(Exercise prompt):
An exact reproduction of the lines below, from the first through the one with "Широченные штаны карго", is the whole answer; pictures have no place in it.

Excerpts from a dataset
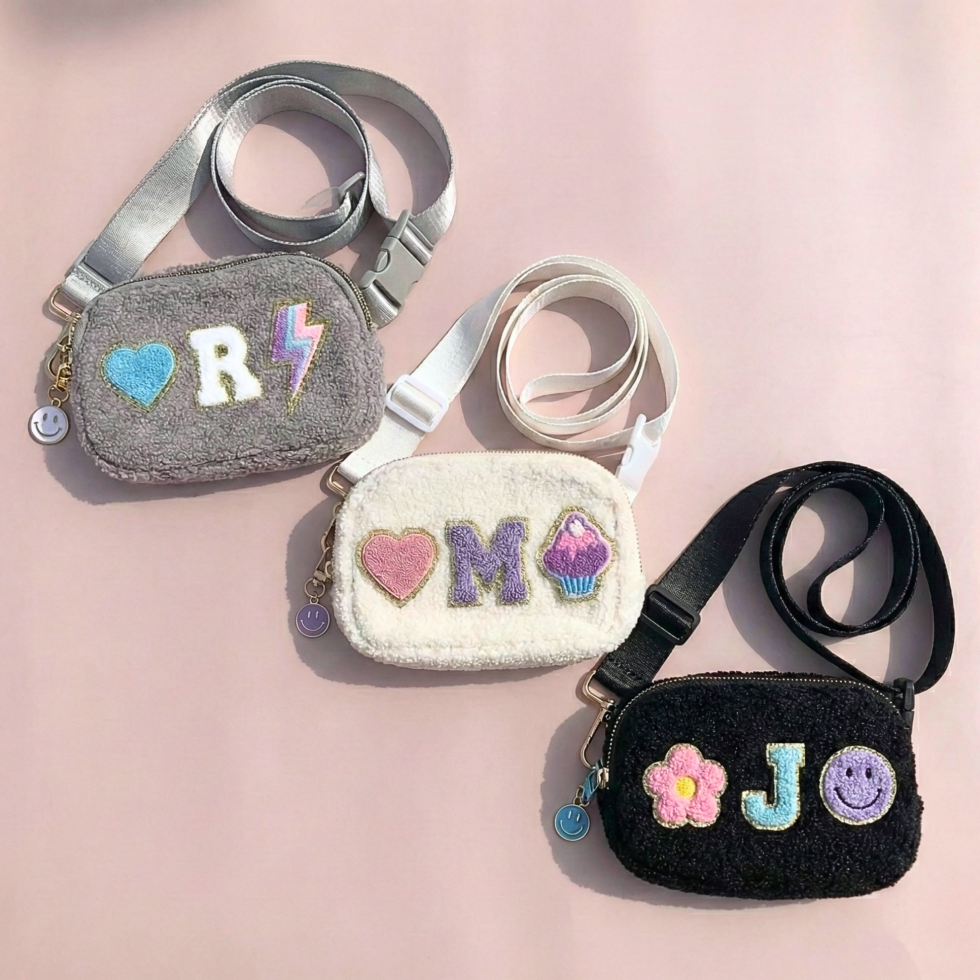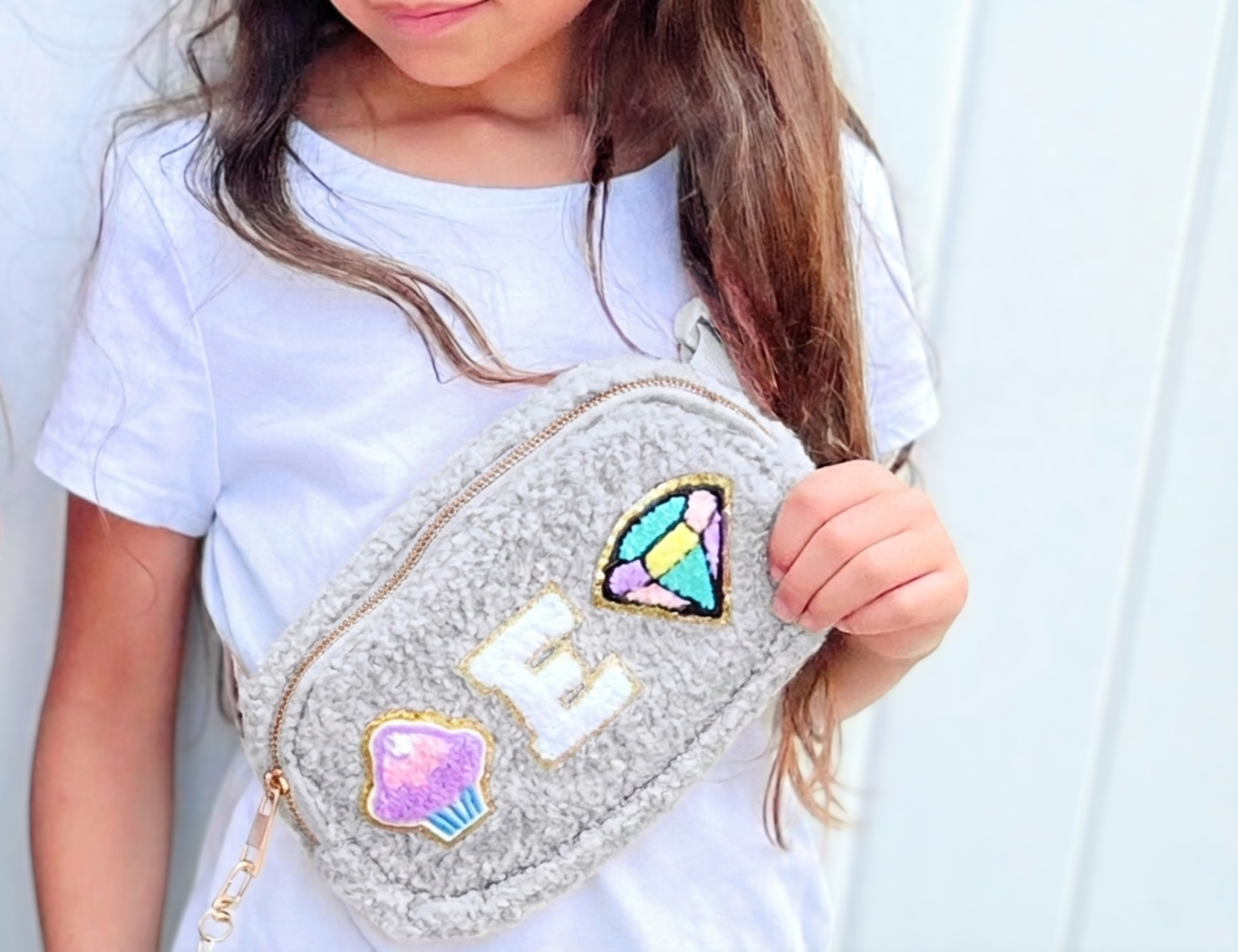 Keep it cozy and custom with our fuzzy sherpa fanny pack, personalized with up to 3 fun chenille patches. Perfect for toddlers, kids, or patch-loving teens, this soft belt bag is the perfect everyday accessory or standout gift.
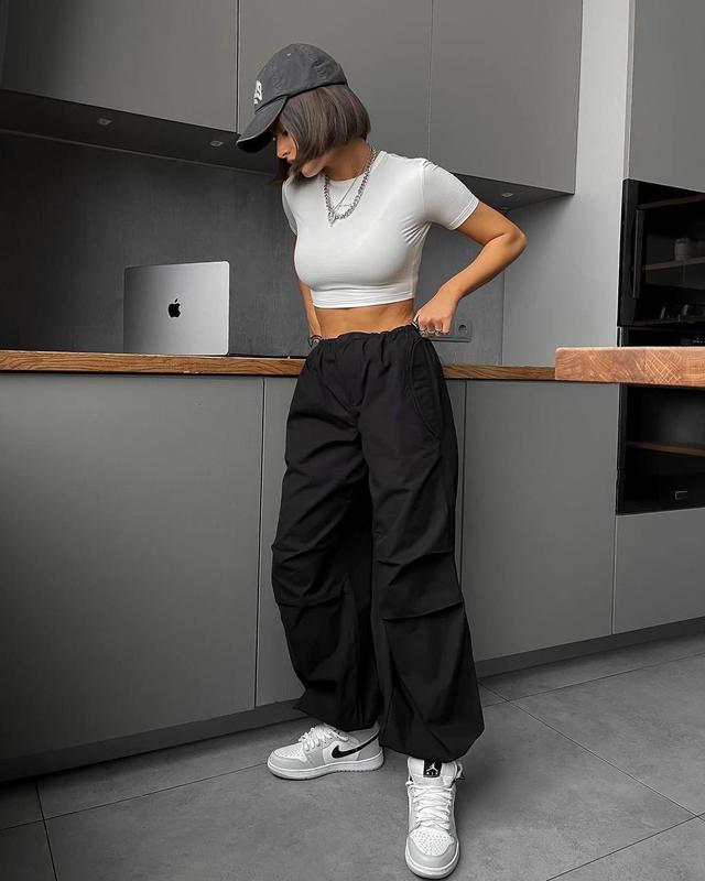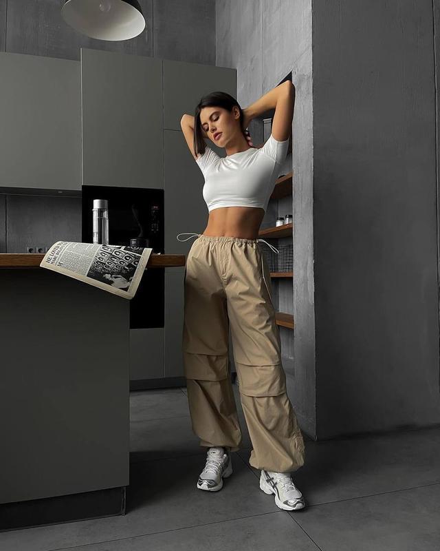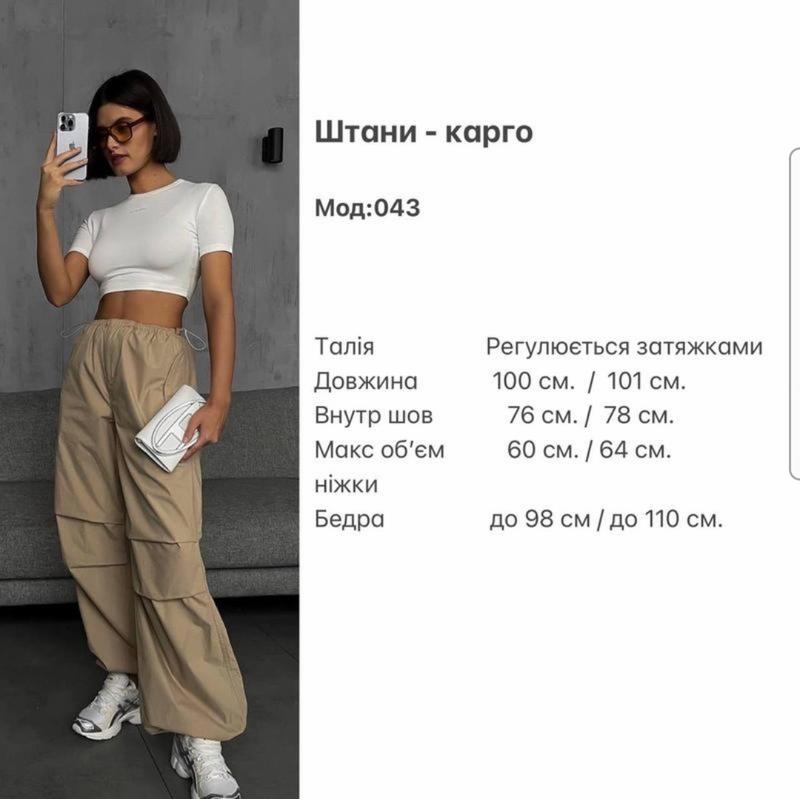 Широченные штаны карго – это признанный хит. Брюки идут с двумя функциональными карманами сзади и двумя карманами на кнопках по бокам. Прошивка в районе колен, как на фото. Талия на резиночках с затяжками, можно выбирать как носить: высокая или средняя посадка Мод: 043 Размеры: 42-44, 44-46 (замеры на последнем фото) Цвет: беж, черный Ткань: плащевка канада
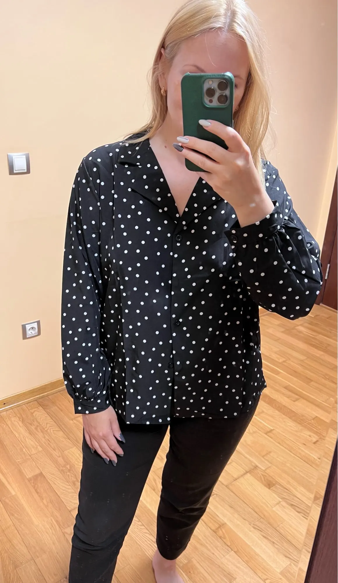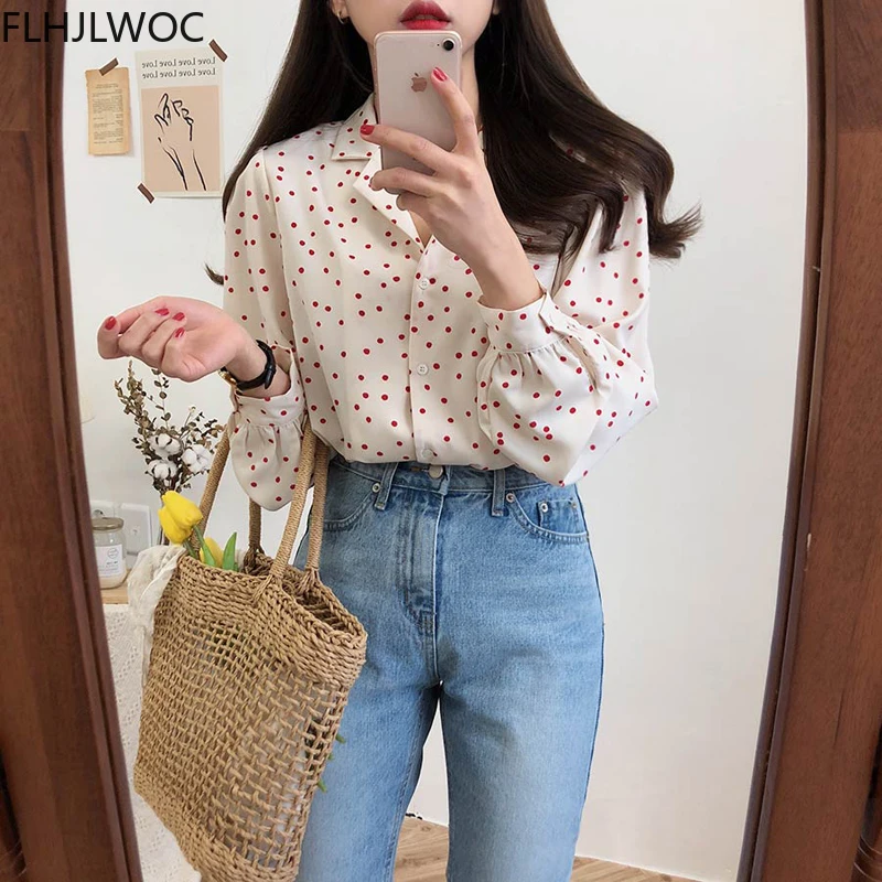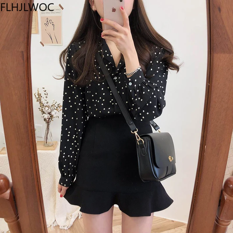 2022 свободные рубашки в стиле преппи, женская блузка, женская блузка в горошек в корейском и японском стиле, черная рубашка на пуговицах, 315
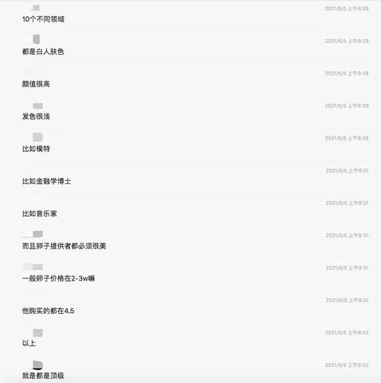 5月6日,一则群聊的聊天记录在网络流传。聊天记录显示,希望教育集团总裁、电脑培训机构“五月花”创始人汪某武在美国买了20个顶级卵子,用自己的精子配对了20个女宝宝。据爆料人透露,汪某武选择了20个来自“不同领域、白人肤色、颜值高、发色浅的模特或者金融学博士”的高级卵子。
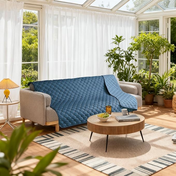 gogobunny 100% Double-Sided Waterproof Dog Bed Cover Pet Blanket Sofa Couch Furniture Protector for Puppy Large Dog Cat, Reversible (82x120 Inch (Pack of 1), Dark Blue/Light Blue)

(Answer to this exercise):
 Keep it cozy and custom with our fuzzy sherpa fanny pack, personalized with up to 3 fun chenille patches. Perfect for toddlers, kids, or patch-loving teens, this soft belt bag is the perfect everyday accessory or standout gift.
 Широченные штаны карго – это признанный хит. Брюки идут с двумя функциональными карманами сзади и двумя карманами на кнопках по бокам. Прошивка в районе колен, как на фото. Талия на резиночках с затяжками, можно выбирать как носить: высокая или средняя посадка Мод: 043 Размеры: 42-44, 44-46 (замеры на последнем фото) Цвет: беж, черный Ткань: плащевка канада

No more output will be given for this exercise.